The instruction file is not magic. It does not make the agent deterministic. But it gives the agent a starting point that is better than guessing from scattered files.

Instructions are necessary, not sufficient

Clear instructions are the first layer, but they are not enforcement.

This is where a lot of AI-assisted workflows break down. The user writes a rule like “do not modify tests” or “do not suppress warnings” or “use the existing design system,” and then assumes the agent will obey it.

Sometimes it will. Sometimes it will not.

That is not even uniquely an AI problem. Human developers also violate conventions. Sometimes they forget. Sometimes they misunderstand. Sometimes they decide a rule is less important than the thing they are trying to accomplish. Sometimes they are just moving too quickly.

So the instruction file should be treated like onboarding documentation, not like a compiler. It tells the agent what the expectations are. It does not prove the final change followed them.

That is why the next layer is automated checks.

CI is where trust starts becoming mechanical

If an agent can change code, it can also change the local environment.

That sounds obvious, but it matters. If the only validation happens locally, the agent may be able to make the validation less meaningful. It can skip a test. It can change a test. It can suppress a warning. It can report a command as “mostly passing” while hiding the part that failed.

The answer is to run important checks somewhere the agent cannot quietly edit its way around.

For Shokken, that means CI/CD. The repository uses a set of checks appropriate for a Compose Multiplatform and Kotlin Multiplatform project: architecture tests, static analysis, normal repository tests, build verification, and other safeguards around the codebase. The exact suite changes over time, but the principle stays the same: an agent’s output has to pass a set of checks that are not just vibes.

Some checks are about behavior. Some are about style. Some are about architecture. Some are about safety.

Secret scanning belongs in that category too. If one of the nightmare scenarios is an agent committing an API key, then the answer is not “hope the agent remembers not to.” The answer is to run a tool such as Gitleaks in the validation path so secret-looking material is caught before it reaches the wrong place.

The point is to move as much judgment as possible from prose into executable policy.

Instructions say, “do not do this.” CI says, “you did it, and the build is red.”

Tests need to cover more than happy paths

The value of tests goes up when agents are writing code because the failure modes get stranger.

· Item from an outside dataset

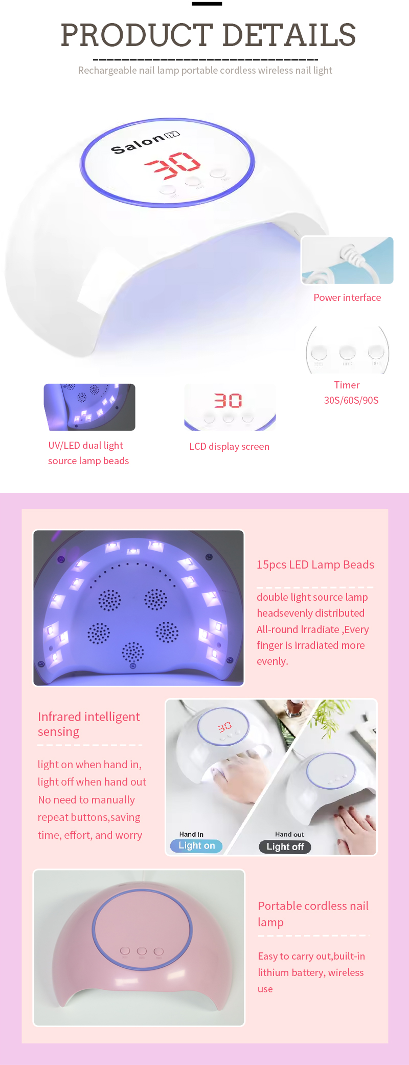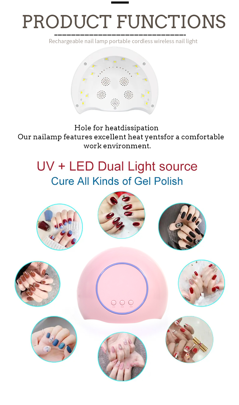 Производ осигурава да је исекну и засељивање без скупљања. Његови двоструки извори светлости пружају нежно гријање да би се спречило ручно уклањање боје и напрезања очију, погодан за обе руке и ноге, испоручујући изузетно брзе резултате сушења.

A human developer usually has a reasonably stable mental model of why they made a change. An agent may produce something that looks plausible without having the same causal understanding. That means a narrow test suite can be misleading. If the tests only cover the happy path, the agent may optimize directly for that path and leave broken edges around it.

The better pattern is layered validation:

unit tests for local behavior
integration tests for module boundaries
architecture tests for dependency direction
static analysis for style and unsafe patterns
build verification for platform targets
secret scanning for accidental credential leaks
warnings or checks around suppression usage

The suppression point matters. Sometimes suppressions are legitimate. Kotlin projects occasionally need them. Static-analysis tools sometimes need local exceptions. But suppressions are also an escape hatch. If agents start adding them casually, the codebase slowly teaches the tooling to stop complaining.

So I do not necessarily want every suppression to hard-fail the build. But I do want visibility. A warning, report, or review cue can be enough to force a human decision: is this suppression justified, or did the agent silence a useful signal?

Code review still matters

The third layer is code review.

That may sound odd if the whole point of using an agent is to get implementation help. Why ask another agent, or another pass, to review the work?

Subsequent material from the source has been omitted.